When people think of hormones, their mind immediately goes to estrogen, testosterone and progesterone, the sex hormones, but the body has far more than just those three. Hormones are the messengers of the body. They trigger different responses, including emotional responses. Those feel good hormones that provide a runner’s high are examples. Hormones can determine when you get hungry or feel full—ghrelin, the hunger hormone and leptin, the satiety hormone. Lack of sleep causes you to produce too much ghrelin. Too much insulin or excess cortisol may be the culprits behind belly fat.

If belly fat is a problem, maybe it’s stress that’s the underlying cause.

As noted before, both insulin and cortisol are linked to belly fat. You can help control both with exercise and proper diet. Cortisol occurs when you’re under stress. Learning methods to control stress or exercising to burn off the hormone helps. The fight or flight response to stress triggers cortisol production. Exercise mimics running or fighting, burning it off. As for insulin resistance, exercise improves glucose uptake and helps reduce belly fat, which is associated with insulin resistance. The best exercise to do is HIIT—high intensity interval training, weight lifting, sprinting and even increasing the amount you walk.

Look for other signs of thyroid hormonal imbalances.

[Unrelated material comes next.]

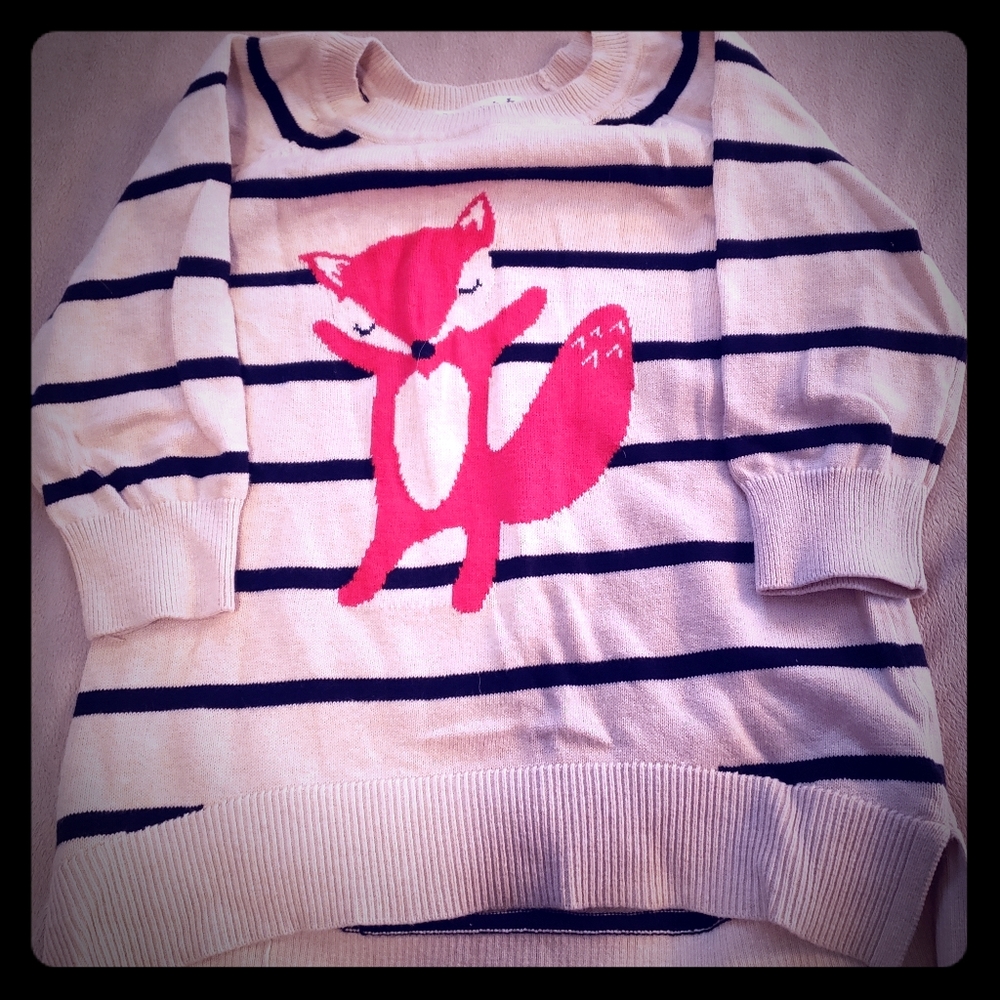 Tan sweater with navy stripes. Red fox on center. 3/4 sleeve.
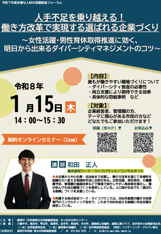 経営層・管理職・社員の意識改革が課題かもしれません。なぜ働き方改革が必要なのかをお伝えする研修の満足度は創業以来90%以上です。データを交え豊富な経験から、うまくいく方法や成功事例などをお伝えします。働き方改革が売上や生産性向上に寄与する経営戦略であることがご理解いただける講演です。

I hear people complain of an inactive thyroid all the time. Besides weight gain, there are other signals this is the problem. Frequent constipation, sensitivity to heat or cold, fatigue, dry skin, hair loss and irregular heartbeat can also occur. Your thyroid regulates metabolism and can make a difference whether you lose weight or gain it. Sometimes, you can avoid problems by eating a healthy diet and avoiding stress. Start by cutting out sugar and highly processed food. Always consult with your doctor first.

  • No hormone is good or bad. You need them all, but you need them in balance. There are hormones to speed heart rate and ones to slow it. Balancing glucagon and insulin can make the difference between healthy and diabetic or hypoglycemic.
  • Most women find sex hormones out of balance during menopause, causing weight gain. Cutting out coffee, exercising more, eating more fruits, vegetables and phytoestrogenic foods consuming healthy fats and cutting back on sugar and salt can help,
  • Cutting out foods with added sugar can be a big help, regardless of the type of hormonal imbalance. Sugar causes inflammation, which leads to other problems, like insulin resistance, weight gain and oxidative stress.
  • Find ways to relax and reduce stress levels that work quickly. While exercise does that, you can’t always do jumping jacks when you need to relax, but you may be able to use breathing techniques or meditation.